[Stored data entries]

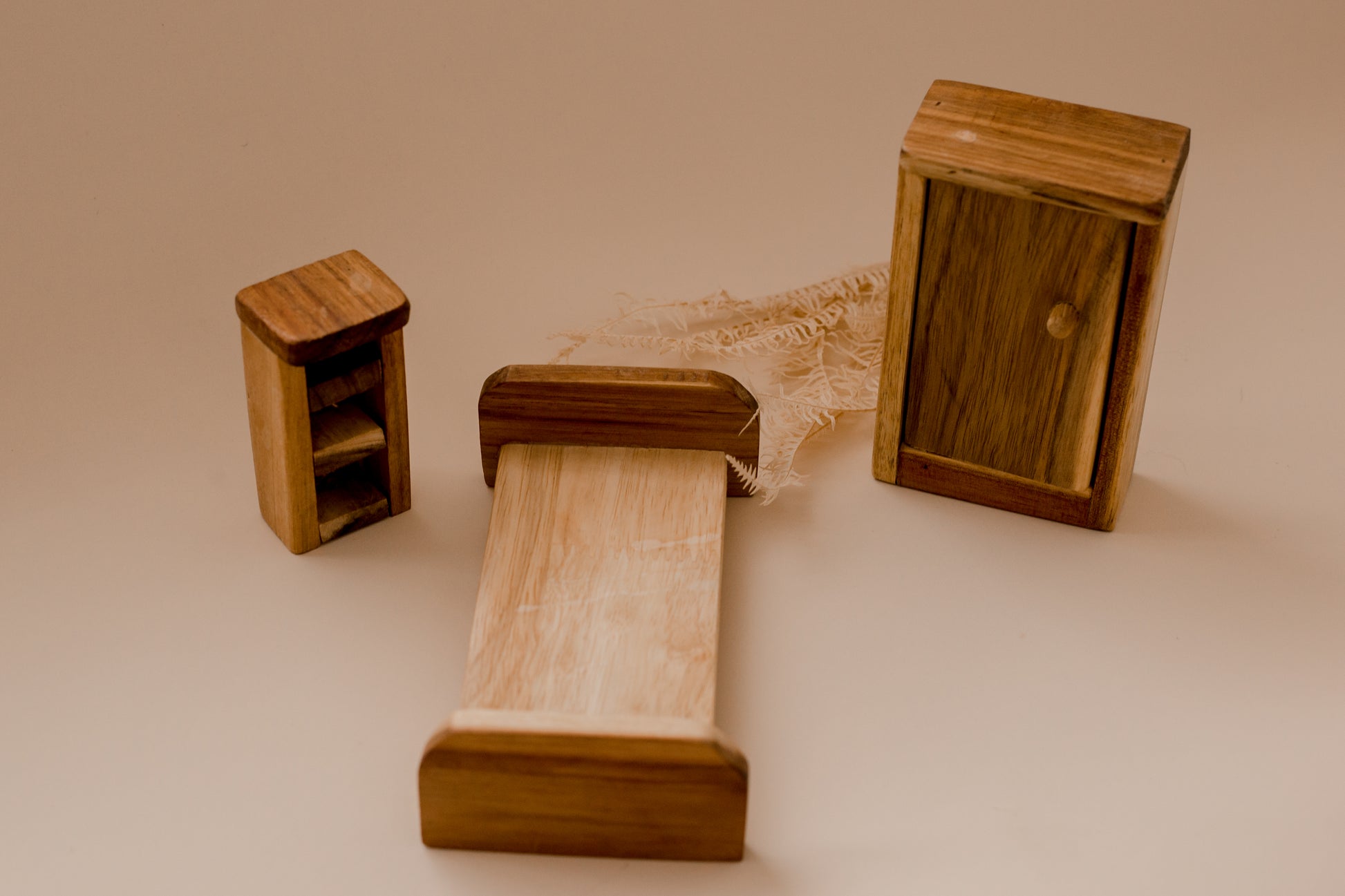 Designed for imaginative play, this charming bedroom set is crafted from recycled tree branches, making it an eco-friendly choice. The natural wood finish adds a realistic touch, and all materials are child-safe and non-toxic. Perfectly sized for any dollhouse, it encourages creativity, storytelling, and social play. A beautiful addition to any playroom!
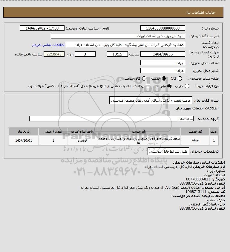 شرح کلی نیاز: مرمت تعمیر و تکمیل سالن آمفی تئاتر مجتمع قدوسی
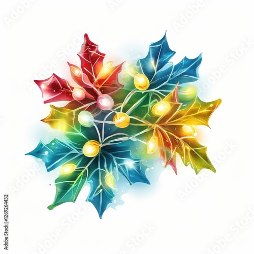© law, Obraz premium the AI Image Generator, Festive Pine Branch With Bright Yellow Holiday Lights
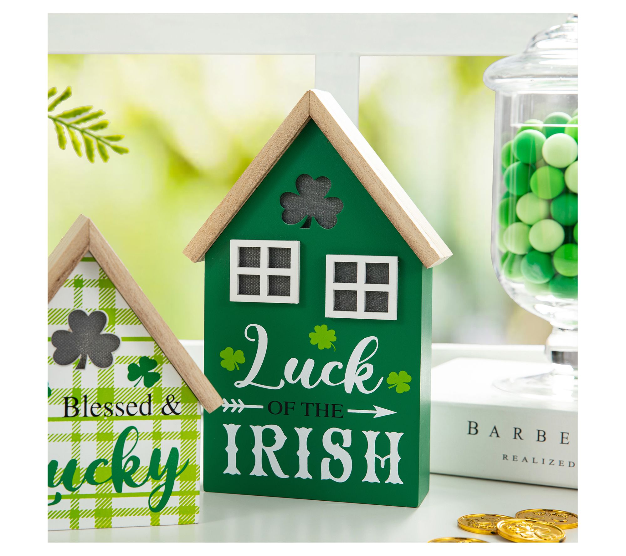 Light up your home with the charming spirit of St. Patrick's Day using these delightful table decor houses. Adorned in festive green and white, these lighted houses bring a touch of good fortune and blessings to your holiday setting. From Glitzhome.
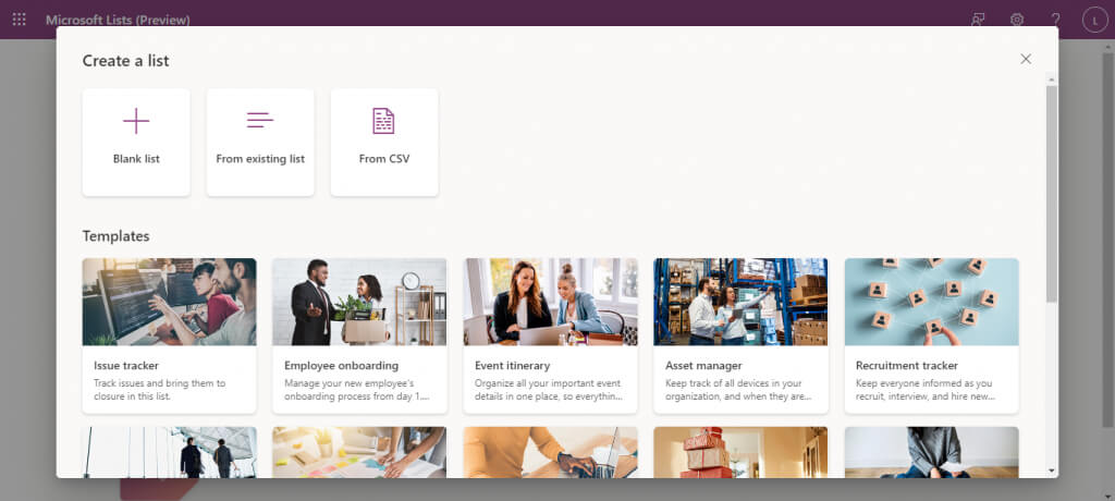 - This is where we get our first glimpse of the flexibility of Microsoft Lists. You can create a Blank list, use ready-made templates, or import a .csv file as a list, similar to Microsoft Sharepoint. And of course, you can also select a template to create a specific type of list.
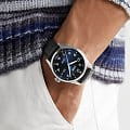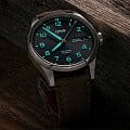 Многокомпонентный корпус из нержавеющей стали. Сапфировое стеклоСапфировое стеклоПрочный и надёжный материал из кристалла сапфира синтетического происхождения, характеризующийся особой твёрдостью и устойчивостью к царапинам и повреждениям., выпуклое с обеих сторон, внутреннее антибликовое покрытие. Нержавеющая сталь, завинчивающаяся прозрачная задняя крышка из минерального стеклаМинеральное стеклоМинеральное стекло представляет собой искусственно выращенный минерал кварца. Такое стекло отличается особой устойчивостью к повреждениям и царапинам. Уступает по некоторым качествам сапфировому стеклу.. Стрелки с люминесцентным покрытиемЛюминесцентное покрытиеПозволяет считывать показания времени в темноте. Производители наносят на стрелки, часовые индексы, безель или поверхность циферблата светонакопительный состав, дающий холодное свечение.. Кожаный ремень.

# [WORK TO BE COMPLETED]
Leaving aside the images, write out the entries above word for word.

# [EXPECTED ANSWER]
 Designed for imaginative play, this charming bedroom set is crafted from recycled tree branches, making it an eco-friendly choice. The natural wood finish adds a realistic touch, and all materials are child-safe and non-toxic. Perfectly sized for any dollhouse, it encourages creativity, storytelling, and social play. A beautiful addition to any playroom!
 شرح کلی نیاز: مرمت تعمیر و تکمیل سالن آمفی تئاتر مجتمع قدوسی
© law, Obraz premium the AI Image Generator, Festive Pine Branch With Bright Yellow Holiday Lights
 Light up your home with the charming spirit of St. Patrick's Day using these delightful table decor houses. Adorned in festive green and white, these lighted houses bring a touch of good fortune and blessings to your holiday setting. From Glitzhome.
 - This is where we get our first glimpse of the flexibility of Microsoft Lists. You can create a Blank list, use ready-made templates, or import a .csv file as a list, similar to Microsoft Sharepoint. And of course, you can also select a template to create a specific type of list.
 Многокомпонентный корпус из нержавеющей стали. Сапфировое стеклоСапфировое стеклоПрочный и надёжный материал из кристалла сапфира синтетического происхождения, характеризующийся особой твёрдостью и устойчивостью к царапинам и повреждениям., выпуклое с обеих сторон, внутреннее антибликовое покрытие. Нержавеющая сталь, завинчивающаяся прозрачная задняя крышка из минерального стеклаМинеральное стеклоМинеральное стекло представляет собой искусственно выращенный минерал кварца. Такое стекло отличается особой устойчивостью к повреждениям и царапинам. Уступает по некоторым качествам сапфировому стеклу.. Стрелки с люминесцентным покрытиемЛюминесцентное покрытиеПозволяет считывать показания времени в темноте. Производители наносят на стрелки, часовые индексы, безель или поверхность циферблата светонакопительный состав, дающий холодное свечение.. Кожаный ремень.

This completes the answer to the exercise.